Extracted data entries

((

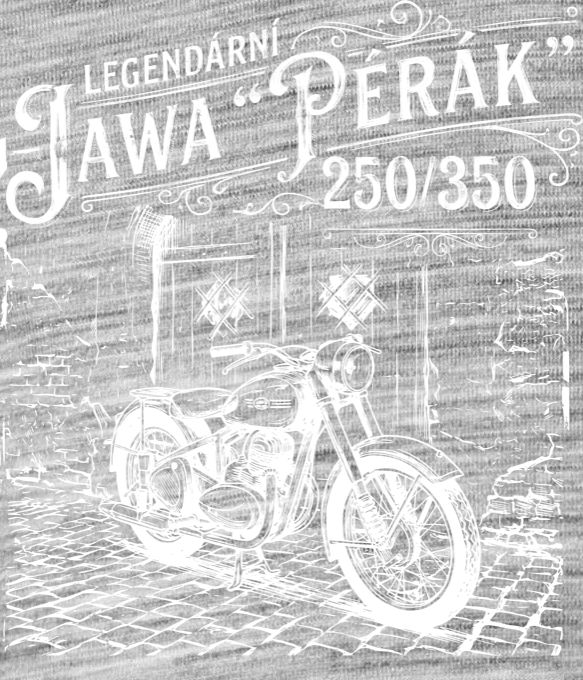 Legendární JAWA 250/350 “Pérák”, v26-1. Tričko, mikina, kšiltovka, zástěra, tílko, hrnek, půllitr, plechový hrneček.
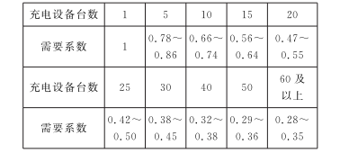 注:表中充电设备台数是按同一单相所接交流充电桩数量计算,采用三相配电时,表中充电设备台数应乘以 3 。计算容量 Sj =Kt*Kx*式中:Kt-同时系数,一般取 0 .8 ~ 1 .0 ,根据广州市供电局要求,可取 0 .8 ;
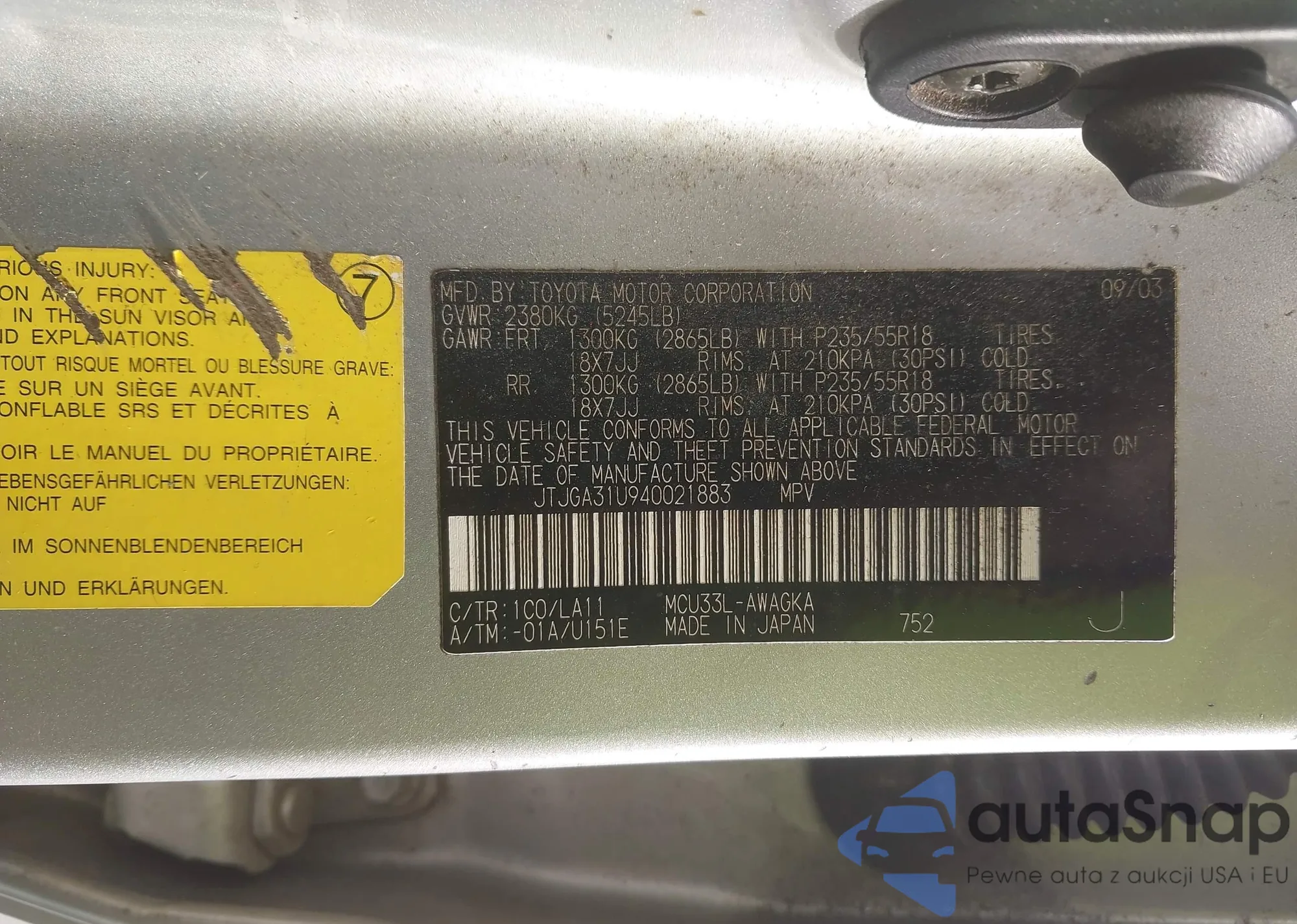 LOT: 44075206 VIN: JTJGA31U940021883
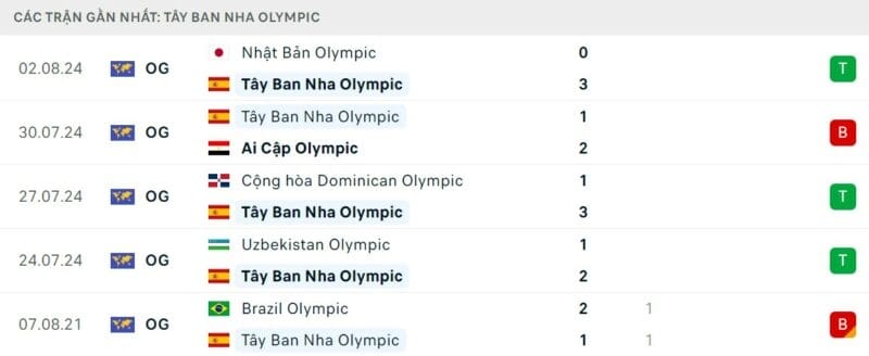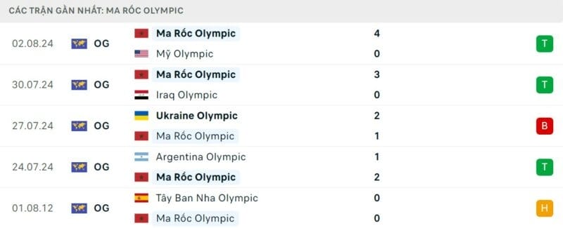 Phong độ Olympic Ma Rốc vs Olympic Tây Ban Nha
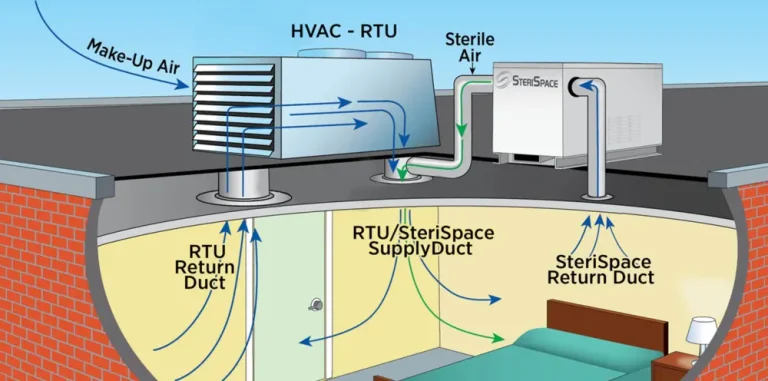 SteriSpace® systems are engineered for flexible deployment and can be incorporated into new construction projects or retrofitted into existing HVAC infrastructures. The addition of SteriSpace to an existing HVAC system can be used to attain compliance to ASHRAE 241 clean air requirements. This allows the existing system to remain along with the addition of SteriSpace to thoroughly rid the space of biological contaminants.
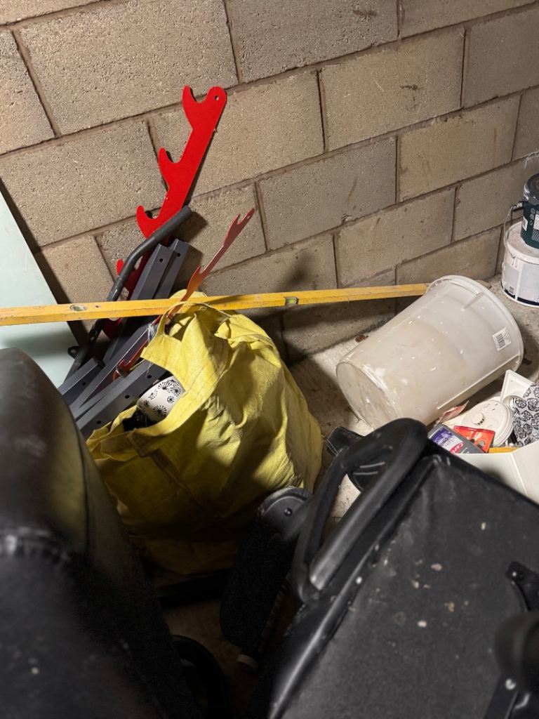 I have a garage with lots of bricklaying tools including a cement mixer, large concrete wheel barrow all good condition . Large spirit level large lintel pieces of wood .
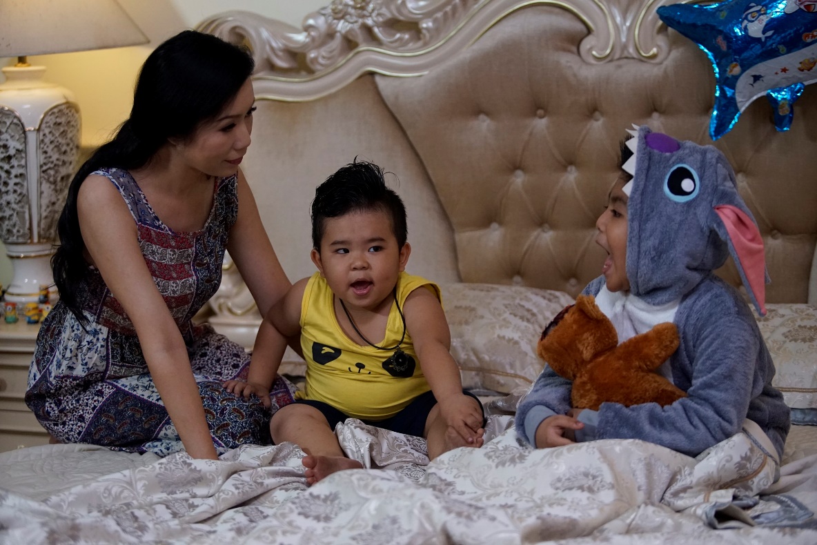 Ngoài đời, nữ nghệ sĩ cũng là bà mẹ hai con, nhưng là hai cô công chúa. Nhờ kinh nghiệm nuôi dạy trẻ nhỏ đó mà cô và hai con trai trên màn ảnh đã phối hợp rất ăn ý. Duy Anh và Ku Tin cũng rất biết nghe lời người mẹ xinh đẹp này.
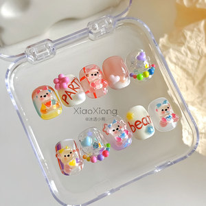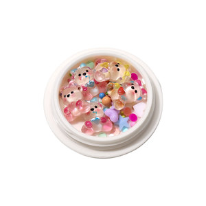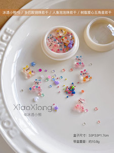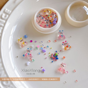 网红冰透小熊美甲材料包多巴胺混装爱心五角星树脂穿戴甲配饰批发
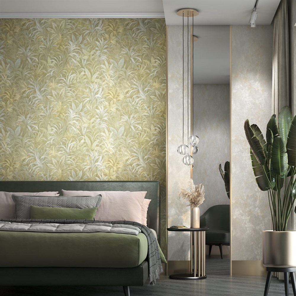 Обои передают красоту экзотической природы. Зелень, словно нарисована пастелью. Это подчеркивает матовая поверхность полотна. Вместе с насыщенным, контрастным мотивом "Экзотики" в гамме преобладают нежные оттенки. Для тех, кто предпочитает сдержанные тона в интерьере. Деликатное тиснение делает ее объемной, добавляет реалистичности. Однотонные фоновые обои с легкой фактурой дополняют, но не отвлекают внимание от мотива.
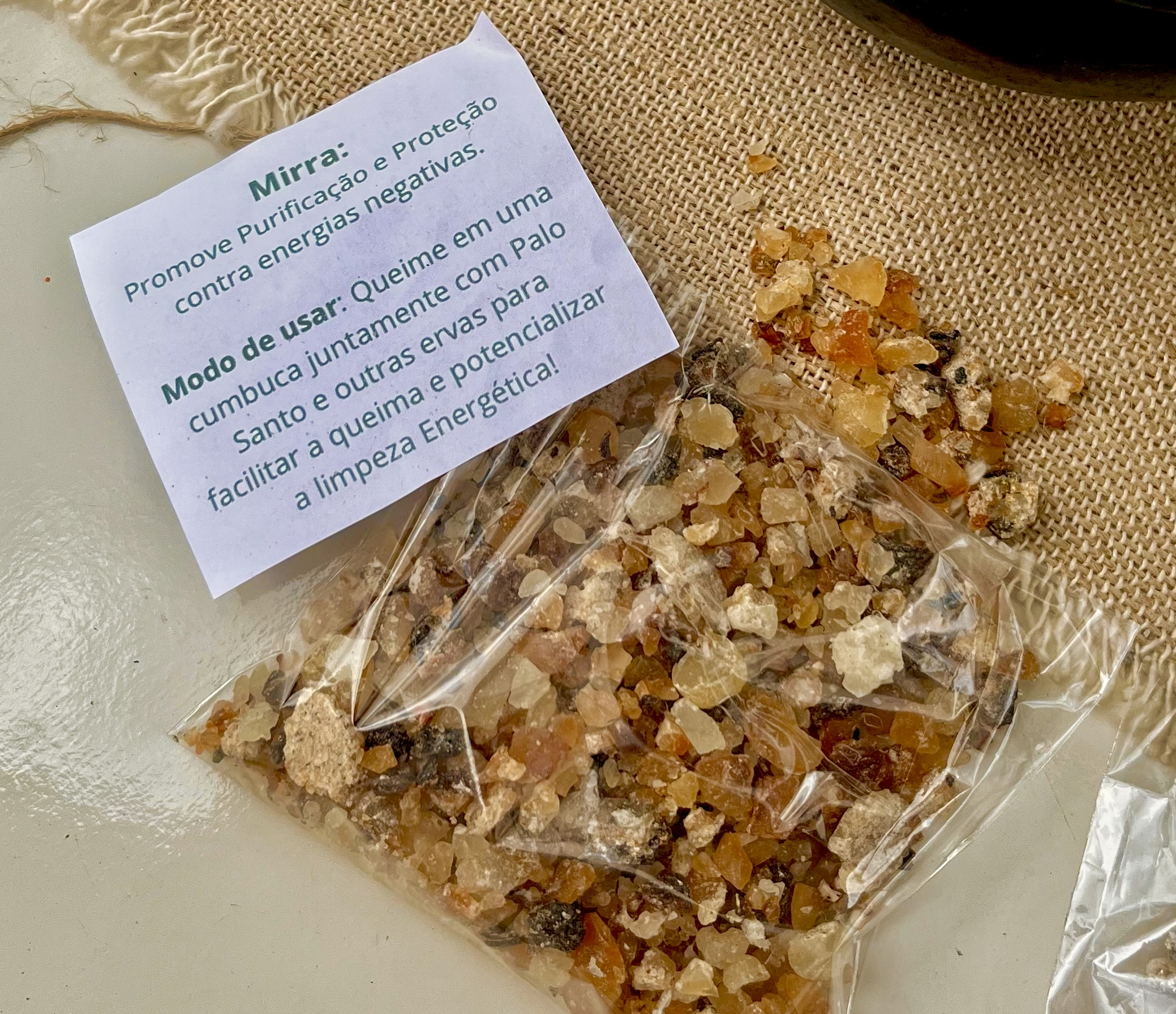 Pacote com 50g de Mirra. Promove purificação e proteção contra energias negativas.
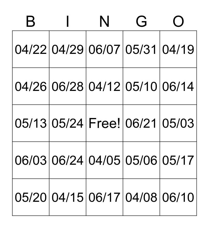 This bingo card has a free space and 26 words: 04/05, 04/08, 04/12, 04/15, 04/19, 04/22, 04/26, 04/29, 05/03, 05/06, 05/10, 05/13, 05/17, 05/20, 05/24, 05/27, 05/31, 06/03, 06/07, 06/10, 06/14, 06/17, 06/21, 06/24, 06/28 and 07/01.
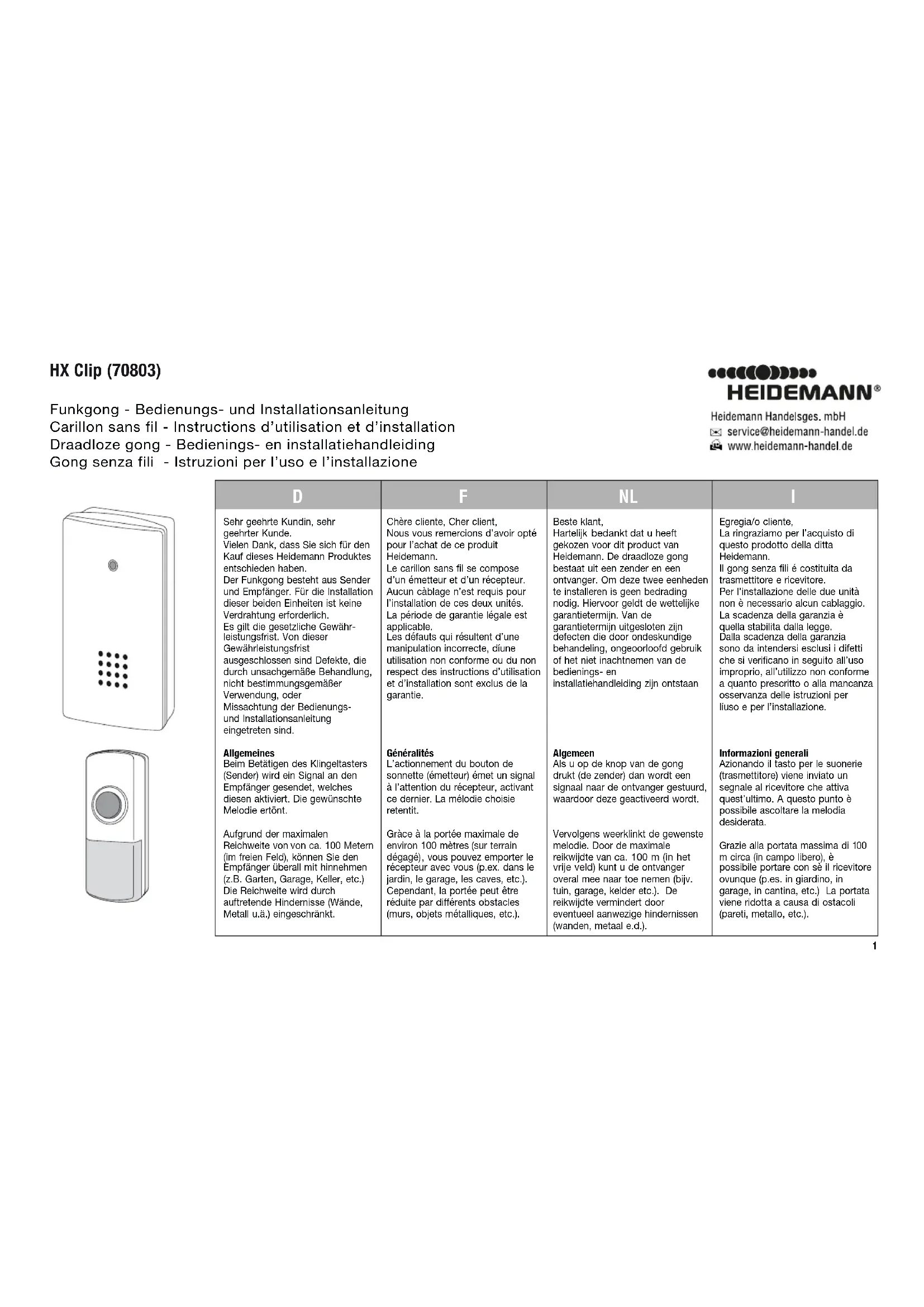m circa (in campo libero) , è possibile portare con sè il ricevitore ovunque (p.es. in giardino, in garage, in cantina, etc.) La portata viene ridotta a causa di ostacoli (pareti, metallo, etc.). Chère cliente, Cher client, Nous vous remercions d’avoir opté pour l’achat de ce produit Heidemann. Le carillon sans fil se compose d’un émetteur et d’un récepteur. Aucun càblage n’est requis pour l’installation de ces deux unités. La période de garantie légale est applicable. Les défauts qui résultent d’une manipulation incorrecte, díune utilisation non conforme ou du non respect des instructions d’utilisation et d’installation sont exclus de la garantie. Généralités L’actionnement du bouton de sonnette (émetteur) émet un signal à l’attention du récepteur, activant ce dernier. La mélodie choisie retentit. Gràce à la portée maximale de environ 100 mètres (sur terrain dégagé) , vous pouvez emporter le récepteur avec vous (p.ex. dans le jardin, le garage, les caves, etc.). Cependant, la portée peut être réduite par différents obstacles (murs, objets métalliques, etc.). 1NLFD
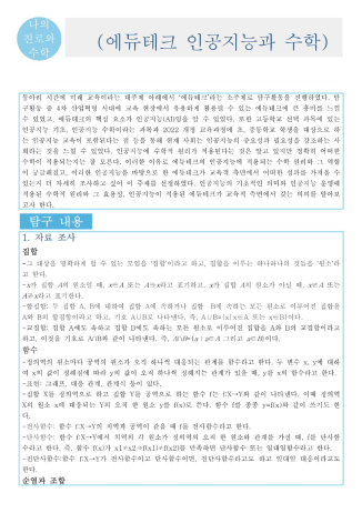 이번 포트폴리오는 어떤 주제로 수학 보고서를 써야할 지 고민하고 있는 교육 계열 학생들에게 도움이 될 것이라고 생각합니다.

))

Starting at the line with "This bingo card", write out every line exactly through the final line of the records above, both included, and skip the pictures.

 This bingo card has a free space and 26 words: 04/05, 04/08, 04/12, 04/15, 04/19, 04/22, 04/26, 04/29, 05/03, 05/06, 05/10, 05/13, 05/17, 05/20, 05/24, 05/27, 05/31, 06/03, 06/07, 06/10, 06/14, 06/17, 06/21, 06/24, 06/28 and 07/01.
m circa (in campo libero) , è possibile portare con sè il ricevitore ovunque (p.es. in giardino, in garage, in cantina, etc.) La portata viene ridotta a causa di ostacoli (pareti, metallo, etc.). Chère cliente, Cher client, Nous vous remercions d’avoir opté pour l’achat de ce produit Heidemann. Le carillon sans fil se compose d’un émetteur et d’un récepteur. Aucun càblage n’est requis pour l’installation de ces deux unités. La période de garantie légale est applicable. Les défauts qui résultent d’une manipulation incorrecte, díune utilisation non conforme ou du non respect des instructions d’utilisation et d’installation sont exclus de la garantie. Généralités L’actionnement du bouton de sonnette (émetteur) émet un signal à l’attention du récepteur, activant ce dernier. La mélodie choisie retentit. Gràce à la portée maximale de environ 100 mètres (sur terrain dégagé) , vous pouvez emporter le récepteur avec vous (p.ex. dans le jardin, le garage, les caves, etc.). Cependant, la portée peut être réduite par différents obstacles (murs, objets métalliques, etc.). 1NLFD
 이번 포트폴리오는 어떤 주제로 수학 보고서를 써야할 지 고민하고 있는 교육 계열 학생들에게 도움이 될 것이라고 생각합니다.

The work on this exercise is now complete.